With the enactment of healthcare reform law in the U.S., Stockard said it’s just back to the future for Valence. “When we started, our vision was that healthcare providers needed to take control of their destiny,” he explained. “Healthcare reform is saying the same thing 15 years later. The concept of accountable care organizations (ACOs), and pushing more accountability back to the providers, is what our business model is all about.

“Providing this type of technology makes Valence unique in the market,” he said. “Others offer only registry-based products, forcing practices to do manual chart extractions and enter them into Web-based tools and forms, with analysis done on patient data samples. That amount of manual work interferes with practice workflows and requires a lot of administration time to maintain FTC compliance.

“With Valence’s products and services, clients need only log onto the site to look at the data we have prepared. We have the health plan management services that help clients go from A to Z—become integrated and ultimately become a health plan—while providing access to state-of-the-art health plan management technology.
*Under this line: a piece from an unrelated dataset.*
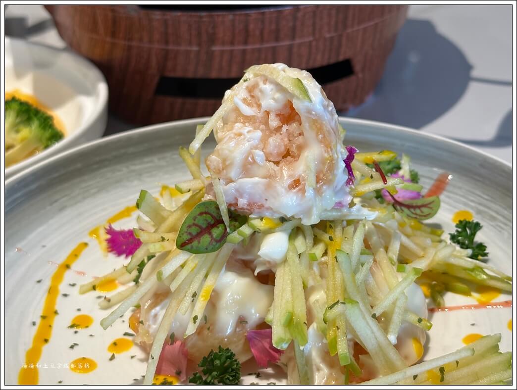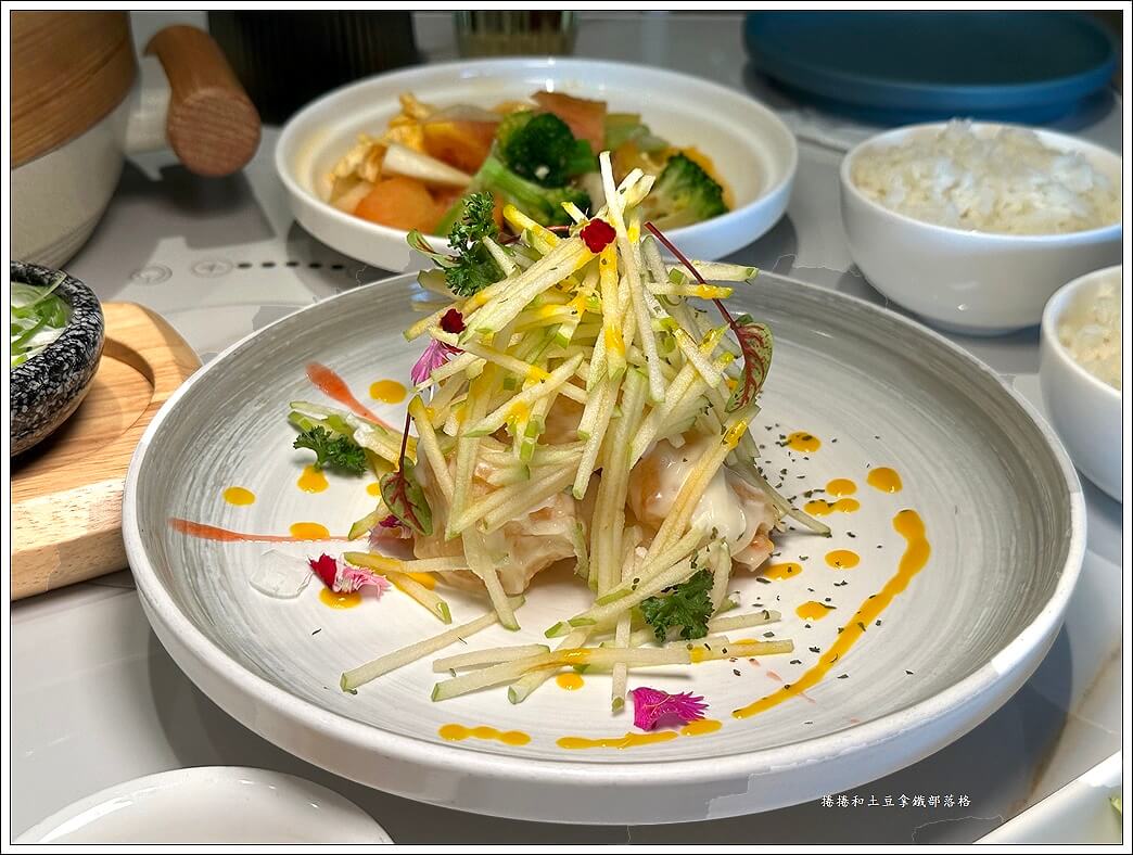 我很喜歡這道,乍看以為是青木瓜絲,原來是蘋果切細長條,脆脆的搭配超大顆蝦球,裹上美乃滋基底,那種果香直接平衡了炸物的厚重,真的會讓人忍不住一顆接一顆。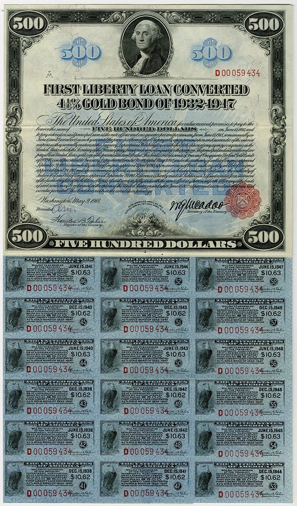 Washington, D.C. 1918, $500, United States of America, 4.25% First Liberty Loan Converted "Long" Coupon Bond. This is only the second $500.00 Liberty Loan bond ever seen by your cataloguer and the only one known to exist of this series. This exceedingly rare bond is vibrant in its' color and striking in design. Vignette of Washington on obverse. Engraved Teehee/McAdoo signatures. Beautiful Blue tint and apple red Treasury Seal and serial number. Only coupons 5 and 6 have been redeemed since this long bond picked up from where the "short series" First Liberty Loan 4 .00 % Convertible Gold Bond of 1932-1947 left off, which contained coupons 1-4. This particular series of bonds is considered by your cataloguer the "most patriotic" of the series as the reverse in Dark Blue depicts three "Doughboys" in full charge with bayonets out and "Old Glory" in full display. A must for the patriot in your family. (From the John E. Herzog Collection).

We are focused on giving doctors access to critical information at the right time.”

For Valence, that means collecting and cleaning data for approximately 10,000 U.S. doctors, at nearly 4,000 practices each day, to provide information on the day’s patients and measure doctors against 90 caregiving guidelines.

“We know that with the amount and type of data that we have access to, the sky is the limit for predictive modeling, risk adjustment, and population-based studies,” mused Stockard. “We’re just starting to scratch the surface in how we analyze data. The next evolution for us will be benchmarking relative to national norms and population insight and what doctors can anticipate relative to the population.”